Patrick
Patrick

Reputation: 177

Azure storage account firewall rule prevents terraform deployment with azure devops

I want to deploy my terraform infrastructure with an Azure DevOps pipeline, but I'm running into a problem with the storage account firewall. Here an example for a storage account:

resource "azurerm_storage_account" "storage_account" {
  name                              = "mystorageaccount"
  resource_group_name               = "myresourcegroup"
...
  network_rules {
      default_action             = "Deny"
      bypass                     = ["AzureServices", "Logging"]
      ip_rules                   = ["192.1.1.1"]
  }
}

The initial creation of the storage account is successful, but because of the firewall rule all further actions, for example adding a container, fail with a not authorized exception.

Unfortunately adding a bypass rule for "AzureServices" does not work.

The reason I have to add the firewall rule is because of company security guidelines, so I cannot just remove it.

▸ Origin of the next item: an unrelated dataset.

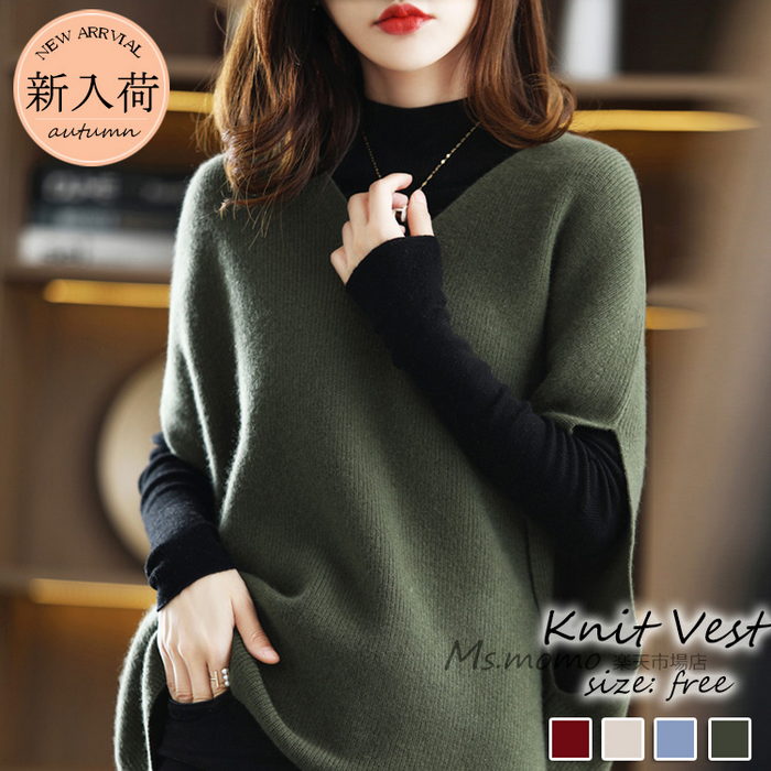 暖かく軽いウール素材使用で快適な着心地オフィスや普段使いに最適なデザイン冬の防寒対策におすすめのニットポンチョ87

Is there a way to handle storage account firewall rules with azure devops?

Upvotes: 11

Views: 7879

Answers (3)

Piotr Gwiazda
Piotr Gwiazda

Reputation: 12212

For Terraform I would suggest running own agent pools. The agent pools for production environments should be separate from non production and should be located in separate vNets. Then add a network rule to your Storage Account to allow access from the agent pool subnet. The same will happen to most of the services when you use Service Endpoints as well.

//EDIT:

Check some fresh best practices for creating Terraform pipelines.

Upvotes: 2

Miles Cattini
Miles Cattini

Reputation: 86

You can utilise a data source to dynamically check your agents IP at apply time.The result of which looks like this:

data "http" "myip" {
  url = "https://ipv4.icanhazip.com"
}

resource "azurerm_storage_account_network_rules" "sample" {
  resource_group_name  = azurerm_resource_group.rg.name
  storage_account_name = zurerm_storage_account.storage.name

  default_action             = "Deny"
  virtual_network_subnet_ids = [azurerm_subnet.subnet.id]
  bypass                     = ["AzureServices", "Logging", "Metrics"]
  ip_rules = [chomp(data.http.myip.body)]
}

You then need to make sure you have removed the IP once you are done, for which I typically just use Remove-AzStorageAccountNetworkRule or as something like this

Upvotes: 2

Patrick
Patrick

Reputation: 177

Just like @a4c74356b41 said you have to whitelist all the ip ranges for the agents in my region as described here.

Unfortunately there are about 160 ip ranges (you have to remove all ranges bigger than .../29) + my own, but at least it works now.